Slowly, she calmed down. I stroked her hair and back and waited for her to relax, like I was comforting a baby. She would shudder every once in a while, but after a long time she was quiet.
“I never told anybody about him,” she whispered as she pulled her
face away from my wet shirt—she had soaked it with her tears. “I mean, none of my friends. My parents lie about him all the time, too. When people as how he’s doing they say he’s great, has a good job, all sorts of lies. When you lie for long enough, it starts to become a habit. You don’t even think twice about it anymore, you know?”
“That makes sense.” I tucked a strand of hair behind her ear. How many times had I played down the things I did and saw during the war? When people asked me, I would shrug it off and try to change the subject as fast as possible. It was too painful, and I didn’t want to share that pain with anybody else. And I wasn’t exactly proud, either. Just like Molly’s parents.
“But it wasn’t my intention to hurt you, I swear.”
I nodded. “You didn’t hurt me. But you did hurt the investigation, and I think you need to talk to Ricardo about it. He has to know—I mean, the guy’s beating his brains out trying to come up with something to use to push the case forward, and you knew all along who killed that poor bastard.”
“I just couldn’t do it. I know what Michael did was terrible, but…”
“I get it, but that doesn’t make it right.”
Her eyes hit my belt buckle. “I know.”
I checked the time.
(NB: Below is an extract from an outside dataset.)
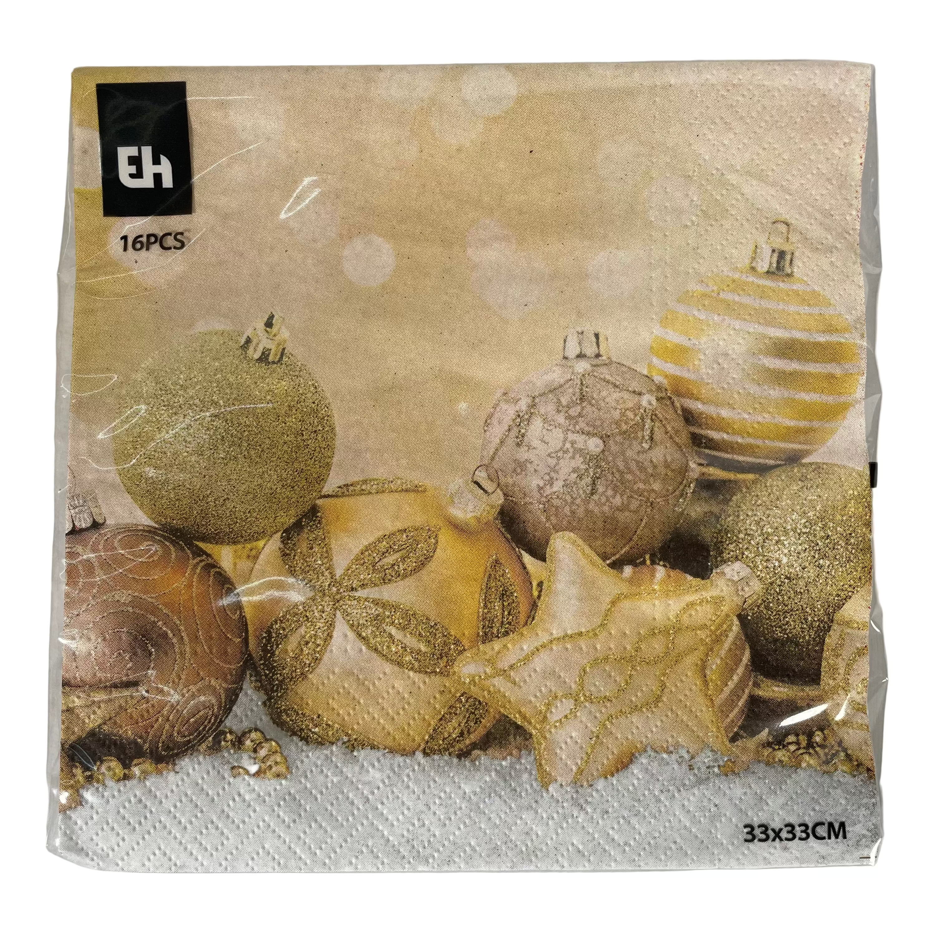 (602500360)NAPKIN 33X33CM - GOLD BAUBLES

It was already almost three-thirty, and if there was any justice in the world, Ricardo would be asleep. Or getting laid, then falling asleep. The man worked harder than anybody I knew. “I’ll text Ricardo to come over in the morning and when he does, you’ll tell him what you told me.”
She only nodded, then went to the bathroom. The door was still open while she was in there, and I heard splashing. Washing her face, I guessed. It gave me a second to get my thoughts together. So we were going after her brother. I had to remind myself that it didn’t matter who he was to her—he had killed a guy, and it was possible that he might try to kill her to keep her quiet. Or his “associates” would. He couldn’t stop them, I was sure. The way she made it sound, he was a pretty low-level guy in the organization—otherwise, Ricardo would know about him and would’ve made the connection before then. He was nervous that night at his parents’ house, short-tempered, checking the time over and over. This told me it might’ve been his first time performing a hit. It was scheduled, of course. They had made arrangements to meet the target at the abandoned restaurant with the intention of killing him. It was probably Michael’s initiation.